# Plug for UsedReelMowers.com



## DeliveryMan (Mar 1, 2018)

I want to start by saying in no way am I being paid to post this -- just a very happy customer.. The website was easy to use and plenty of pictures and videos of the mowers they had available.

I finally decided to upgrade to a greensmower this year after reaching a plateau with my TruCut.. I looked locally for one on Craigslist and Facebook groups, but couldn't find a quality machine.. Stumbled upon usedrealmowers.com and got one off of the "discounted mowers" section.. I thought it was a very very real price for this mower (maybe even a bit too low).

2013 John Deere 220 Ecut hybrid.. 14 blade reel.. It arrived at a local freight dock like 4 days later on a pallet with grass catcher and transport wheels..

Its freaking perfect.. Just needed some lube in the zerks.. A quick tightening of a couple belts and backlap and she cuts perfect..

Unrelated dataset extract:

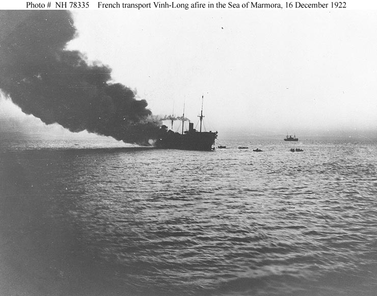 In the early morning of 16 December 1922, the U.S. Navy destroyer Bainbridge (DD-246) was steaming through the Sea of Marmora, Turkey, en route to Constantinople. At 6:38 AM her crew noticed flames on the stern of the elderly French military transport Vinh-Long, which was some five miles astern, also bound for Constantinople. Bainbridge's Commanding Officer, Lieutenant Commander Walter A. Edwards, immediately headed his ship toward the burning Vinh-Long, arriving about twelve minutes later. At the time it appeared that the French transport's crew would contain the blaze, but Edwards put his boats in the water and stood by as a precaution.

I could see an immediate difference in going from 0.5 inches on the TruCut to 0.375in on the John Deere and couldn't be happier.. Even my wife (who couldn't care less about the yard) commented, "Wow, what do you do, it looks way better now)> Now on to this summers topdressing/leveling project..

If in the market for a greens mower -- would absolutely recommend them -- it was just too easy, quick delivery, great price for a machine that works just perfect


----------



## pmalecki (9 mo ago)

Good to know. I'm in the market for a used greens mower as well. After a few months I'm looking to upgrade from my McClane. I've been lurking on their site for a while.


----------



## MasterMech (Sep 24, 2017)

25 year old Toro GM1600's for $3k+..... :shock:

And no Jacobsens? :bd: :lol:


----------



## thelawnlife (9 mo ago)

pricey for sure


----------



## TulsaFan (May 1, 2017)

Sellers market this time of year. Can't fault the pricing if someone's willing to pay it.


----------



## Bombers (Jul 14, 2020)

Not 2018/2019 anymore and if people are willing to buy, expect it to hold or continue to rise for the resellers market.


----------



## DeliveryMan (Mar 1, 2018)

My thought was that I got a machine that worked amazing - needed no work on it to work perfectly - and I paid only ~1700 bucks for a 14 blade greens mower..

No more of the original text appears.